Vitti may be described as an actress of the gaze, both the gaze she turns on the world and the gaze the world turns on her. Every performer, of course, is there to be looked at, on display before the audience. But just as Antonioni’s films enact a special way of looking, so Vitti’s special quality as a performer arises from the way she looks at things and the way she is looked at and is aware of being looked at, from the interplay between her as the subject and as the object of the gaze. Just as Antonioni is, more than a director of dramatic scenes, a director of attention, so Vitti is a performer of attention, which she pays to her surroundings and receives from Antonioni’s camera with much the same inquiring, responsive intentness.
Watch her, for example, as she watches a Borsa trader who, after losing a lot of money, goes to a café, takes a tranquilizer, and draws flowers. Or as she pauses, while walking with Piero, to gaze at a good-looking young man passing by: like Antonioni’s camera, she is open to distraction as a way of paying attention to the world around her. Or when she arrives early at the corner where she is to meet Piero and has time for a private preamble to the meeting, for bringing the place, the passersby, the unfinished building mirroring her own sense of suspension, into commerce with her consciousness. Or when, in the most peaceful sequence in L’eclisse, she takes a plane ride to the Verona airport, another public place she invests with her subjectivity and somehow makes private. She feels at ease for no particular reason during her visit to that nondescript provincial airport, where a man drinking beer at the bar looks at her and she looks at the people and the place, the airplanes on the ground and in the sky, with a reflective contentment that just manages to hold off anxiety. Nothing happens in such scenes except an experience of awareness, awareness of the world and of the self in transaction with the world, and that’s Vitti’s specialty as a performer.

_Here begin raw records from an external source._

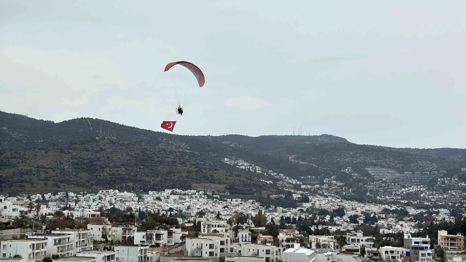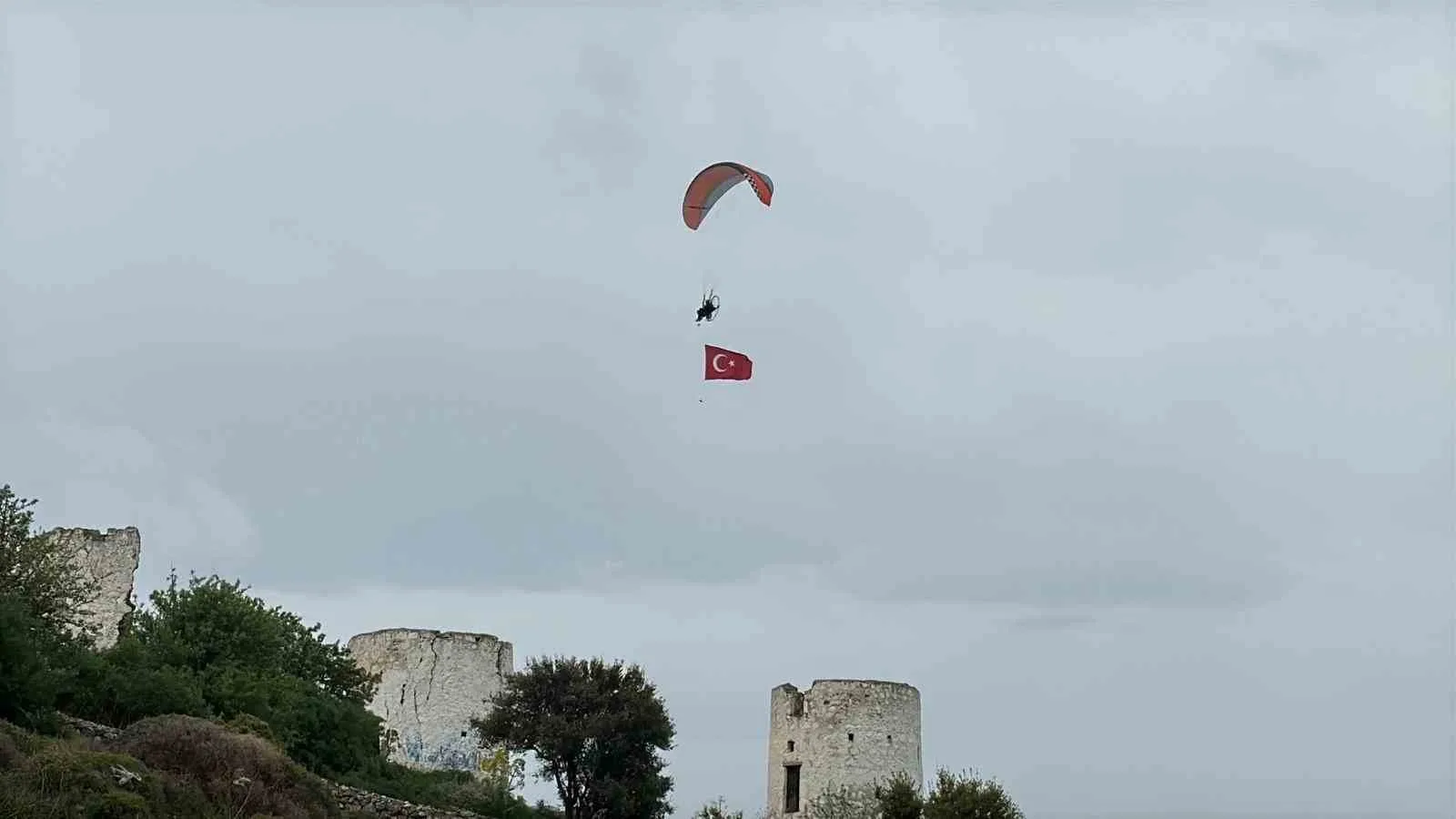 Bodrum’da yaşayan yamaç paraşütü ve paramotor pilotu Seyfi Çağlar Özgül, Çanakkale Deniz Zaferi’nin 111’inci yılı kapsamında anlamlı bir etkinliğe imza attı. Gümbet Değirmenler mevkisinde hazırlıklarını tamamlayan Özgül, paramotoruna bağladığı Türk bayrağıyla havalandı. Yaklaşık 45 dakika süren uçuşta Bodrum Kalesi, Kumbahçe ve Gümbet hattında süzülen Özgül, gökyüzünde açtığı dev bayrakla görsel şölen sundu. Sahil şeridinde bulunan çok sayıda kişi, o anları cep telefonlarıyla kayda aldı.
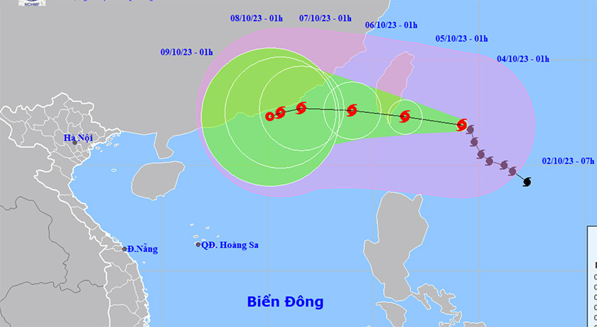 Dự báo đến 1h ngày 5/10, bão trên vùng biển phía Nam Đài Loan, di chuyển theo hướng Tây Tây Bắc, mỗi giờ đi được khoảng 10km, sức gió mạnh nhất vùng gần tâm bão cấp 13, giật cấp 16. Khu vực chịu ảnh hưởng: Phía Đông Nam Đài Loan, phía Đông Bắc khu vực Bắc Biển Đông.
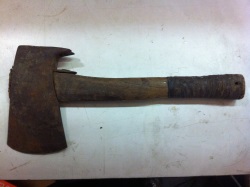 At the January cruft swap, there were old-timey snowshoes, broken laptops, and a milk crate full of rusty tools. I picked them up one after the other. I kept coming back to the axe. I put it down, thinking I would never need it. But its shape is so naturally suggestive of its function that simply picking it up seems to imbue the holder with magic lumberjack powers. Like suddenly growing fins out of your back would make you want to go for a swim. I picked it up again.
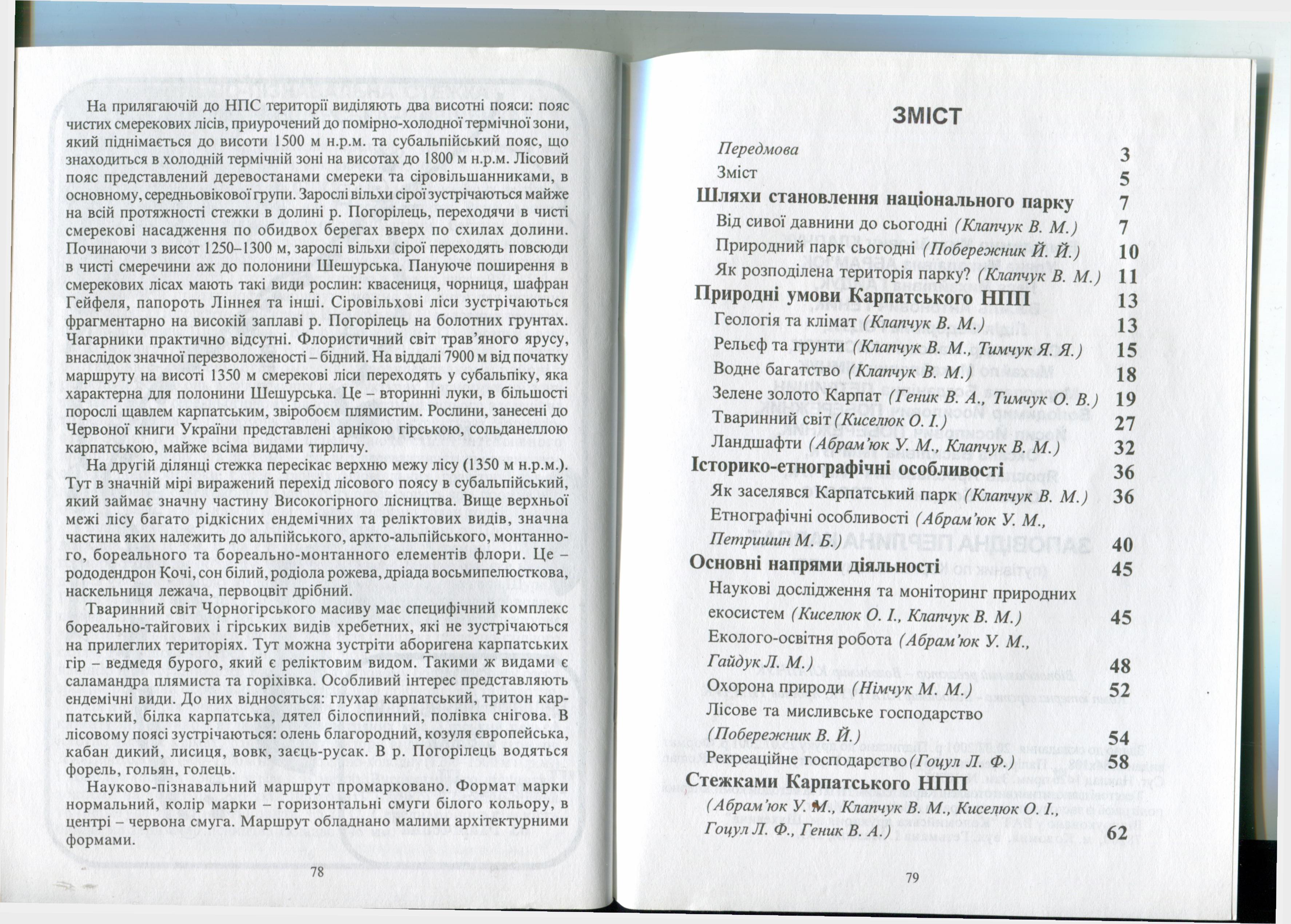 Citation: | Клапчук В.М. Заповідна перлина Карпат : Путівник по Карпатському НПП / [відп. ред. В.М. Клапчук]. – Коломия : Видавничо-поліграфічне товариство «Вік», 2001. – 96 с. |
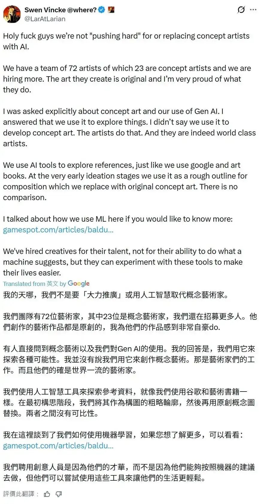 谁知道这个事情愈演愈烈,最终Vincke不得不在X上发表了一段长文来澄清这个问题,并且坚决否认“AI 替代美工”的说法。
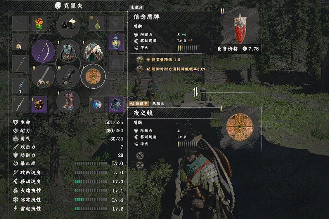 关于盾牌效果,信念盾牌拥有高防御属性,自带防御淬火等级。其核心优势在于伤害减免,以及在格挡时减少耐力消耗。不过该盾牌体积较大,且无移动速度加成,适合防御型玩法。

Ingmar Bergman once told an interviewer that he considered Antonioni—along with Carl Dreyer—an amateur and Monica Vitti a talented but technically insecure performer. The truth is that Bergman is a master of conventional film technique, the way a good professional does it, by the rules, and that Antonioni—like Dreyer—is the kind of artist who goes his own way, in disregard of the rules, and achieves an unconventional mastery. The conventional camera is a storyteller that knows the story and picks out for us at each moment just what we need to see; Antonioni’s camera continually explores the alternative, the stray aspect, the revising angle, the newly revealing movement. And its inquiry into appearances, its searching rather than knowing apprehension of things, finds its acting counterpart in the similarly searching Monica Vitti. Her engaging, diffident verve consorts with the uncertain beauty, the arresting tentativeness, the detached intensity of Antonioni’s images. What Bergman calls her insecurity—a fair enough term for her characteristic tinge of self-consciousness—Vitti makes into a style of performance, one that couldn’t be better suited to her partnership with Antonioni.